Data analysis workflow

Data set: North Carolina counties

We will use data about the 100 counties in North Carolina. The data were collected from the from Census Quick Facts and is available in the usdata R package. Let’s look at the first 10 rows of data.

Code

nc_counties |> 
slice(1:10) |>
kable(digits = 3)

name	state	pop2000	pop2010	pop2017	pop_change	poverty	homeownership	multi_unit	unemployment_rate	metro	median_edu	per_capita_income	median_hh_income	smoking_ban
Alamance County	North Carolina	130800	151131	162391	5.16	17.6	68.1	17.1	4.30	yes	some_college	25374.90	44281	none
Alexander County	North Carolina	33603	37198	37286	0.53	14.7	79.9	2.2	3.67	yes	hs_diploma	22385.82	44523	none
Alleghany County	North Carolina	10677	11155	11031	1.02	21.0	74.0	6.2	5.16	no	hs_diploma	21280.18	38944	none
Anson County	North Carolina	25275	26948	24991	-3.79	22.7	71.0	4.9	5.31	no	hs_diploma	19798.37	38123	none
Ashe County	North Carolina	24384	27281	26957	0.25	19.4	79.2	4.4	4.18	no	some_college	24350.00	40293	none
Avery County	North Carolina	17167	17797	17536	-0.39	14.7	72.8	18.1	4.35	no	some_college	26362.67	37109	none
Beaufort County	North Carolina	44958	47759	47088	-0.64	19.1	73.4	9.2	5.13	no	some_college	23442.11	41101	NA
Bertie County	North Carolina	19773	21282	19224	-5.53	22.0	76.9	2.2	6.08	no	hs_diploma	19123.28	31287	none
Bladen County	North Carolina	32278	35190	33478	-3.53	24.5	69.0	5.5	5.97	no	hs_diploma	20570.82	32396	none
Brunswick County	North Carolina	73143	107431	130897	13.82	14.1	77.5	9.3	5.66	yes	some_college	29150.66	51164	none

Understanding the data

This is a data frame (like a spreadsheet). It is also an example of tidy data that is ready for analysis. In tidy data

Each row is an observation
Each column is variable (characteristic of the observation)
The table contains one type of observational unit

Your turn!

What do the rows represent in the North Carolina data?
What do the columns represent?

Study designs

It is important to understand data provenance (data origin and history of changes), because it helps us understand the scope of the conclusions that can be drawn from the data.

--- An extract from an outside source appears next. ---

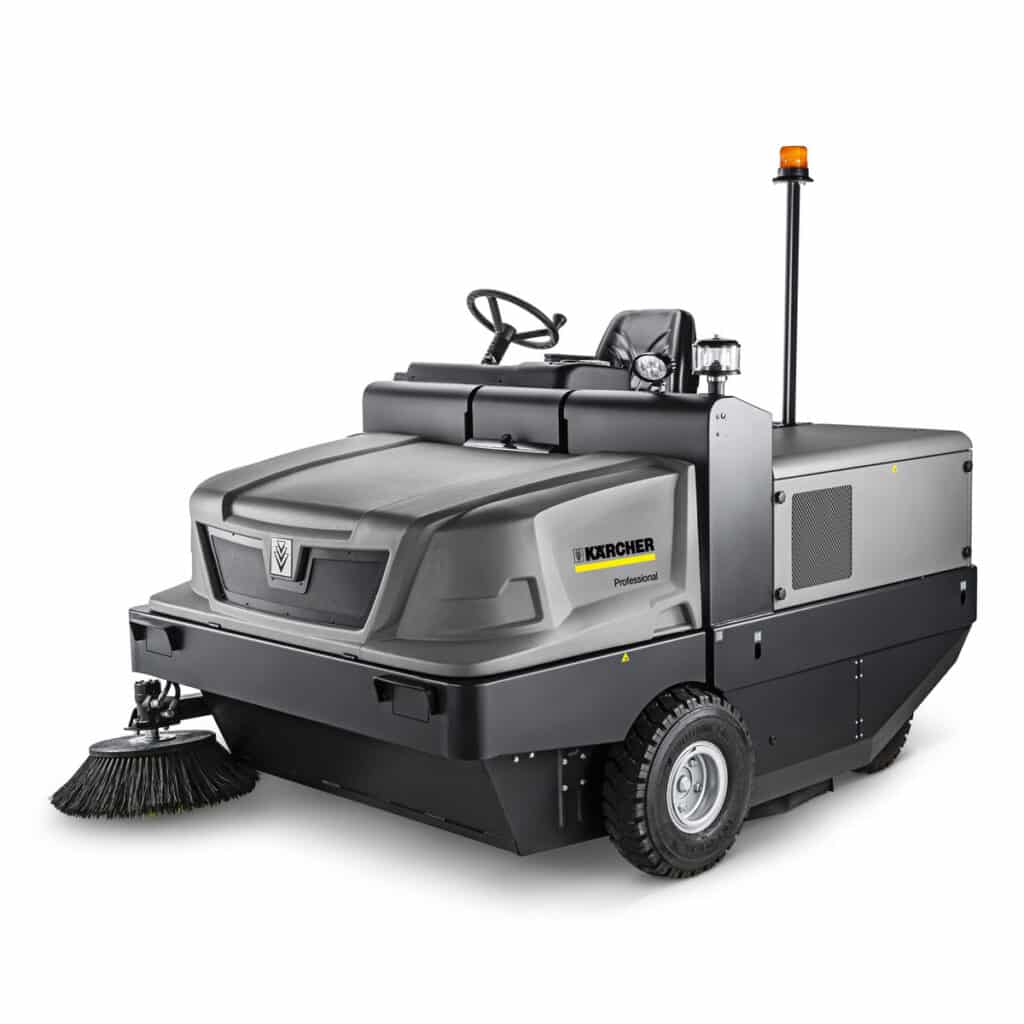 The KM 170/600 R D Classic is a diesel-powered, fully hydraulic industrial ride-on sweeper with four-wheel drive and is engineered for heavy-duty jobs in the building materials and metal-working industries, foundries, construction sites and other dirt-intensive sectors. Its direct throw sweeping and main floating brush provide excellent cleaning results of rough swept materials and large amounts of fine dust. Two horizontally installed flat pleated filters not only ensure clean air under heavy dust conditions but are also automatically cleaned every 10 minutes. This sweeper is robust, easy to maintain, intuitive for operators, and it complies with the new EU Stage V and EPA Tier 4 final emission standards – making it a powerful force for industrial cleaning.

See “Datasheets for Datasets” by Gebru et al. (2021) for more on data provenance and documentation.

A key piece of data provenance is how the data were collected, called the study design. There are two types of study designs: Experimental and Observational.

Experimental study: Researchers (randomly) assign subjects to specific treatments.
- Subjects generally the same across treatment groups.
- Can make causal claims (e.g., Treatment X causes Y outcome), because the effect of confounding factors is reduced. The only difference between the groups is the treatment that is applied.
Observational study: Researchers do not assign subjects to treatment.
- Subjects are likely different across treatment groups
- Challenging to make causal claims, because there could be confounding factors that affect subjects’ behavior.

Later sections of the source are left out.